SOURCE MATERIAL:
──────
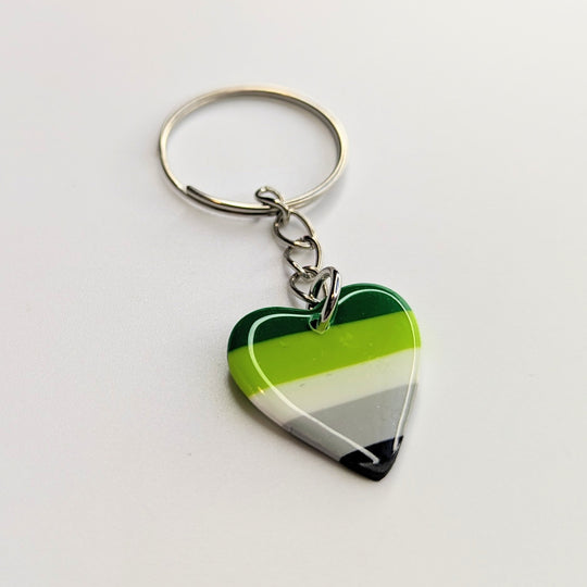 Aromantic Heart Flag Handmade Keyring LGBTQ+ Jewellery Polymer Clay
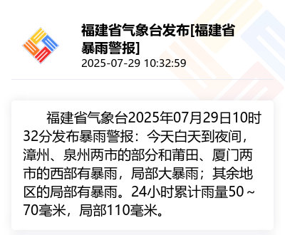 福建省气象台2025年07月29日10时32分发布暴雨警报:29日白天到夜间,漳州、泉州两市的部分和莆田、厦门两市的西部有暴雨,局部大暴雨;其余地区的局部有暴雨。24小时累计雨量50~70毫米,局部110毫米。
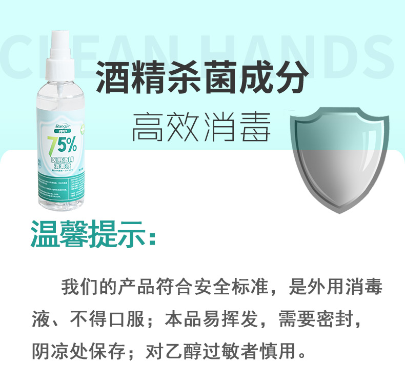 商品名称:便携75度乙醇酒精喷雾 100ml*5瓶
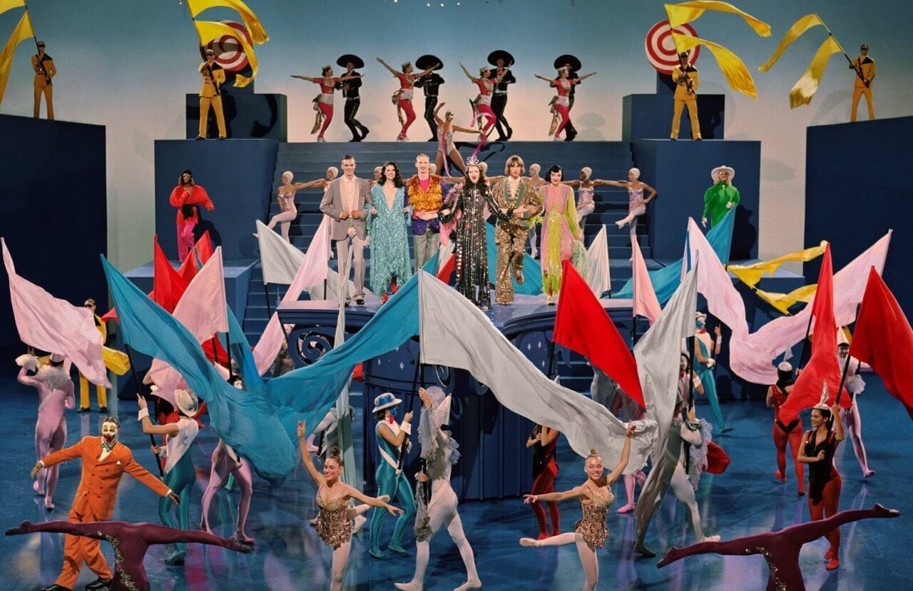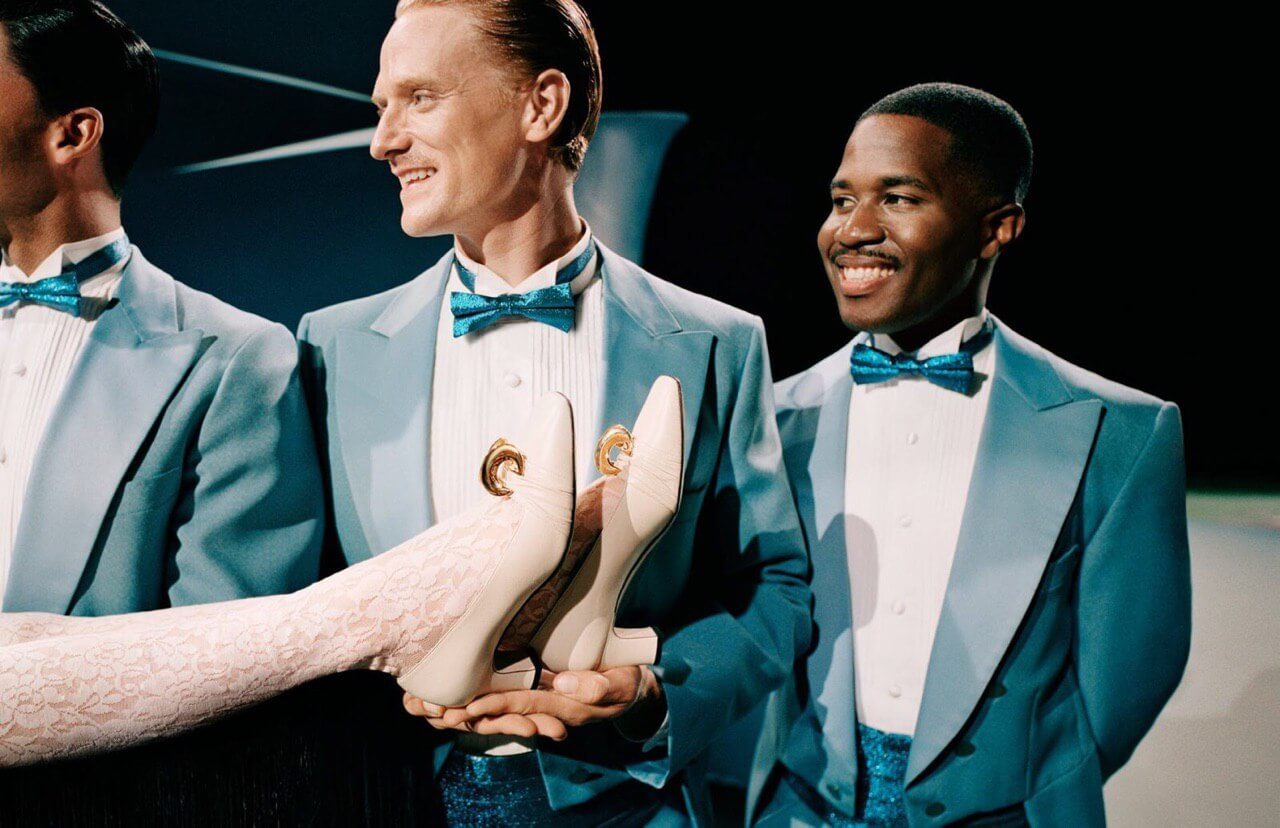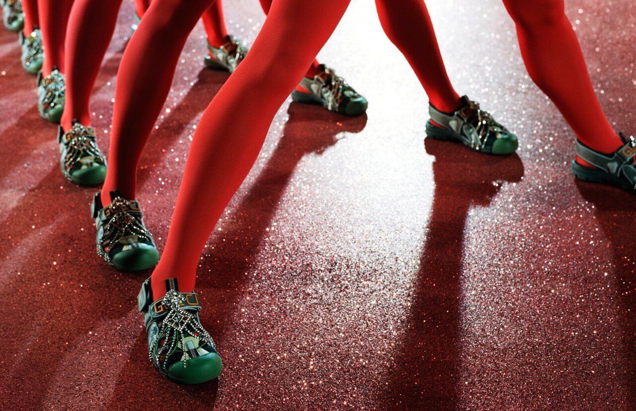 Из театра Gucci позаимствовали декорации с большими лестницами и исполнителей, каждый из которых показывает на сцене свой талант — от художественной гимнастики до отбивания чечетки.
──────
TASK:
An exact copy of every line above is needed, without the images.

THE ANSWER:
 Aromantic Heart Flag Handmade Keyring LGBTQ+ Jewellery Polymer Clay
 福建省气象台2025年07月29日10时32分发布暴雨警报:29日白天到夜间,漳州、泉州两市的部分和莆田、厦门两市的西部有暴雨,局部大暴雨;其余地区的局部有暴雨。24小时累计雨量50~70毫米,局部110毫米。
 商品名称:便携75度乙醇酒精喷雾 100ml*5瓶
 Из театра Gucci позаимствовали декорации с большими лестницами и исполнителей, каждый из которых показывает на сцене свой талант — от художественной гимнастики до отбивания чечетки.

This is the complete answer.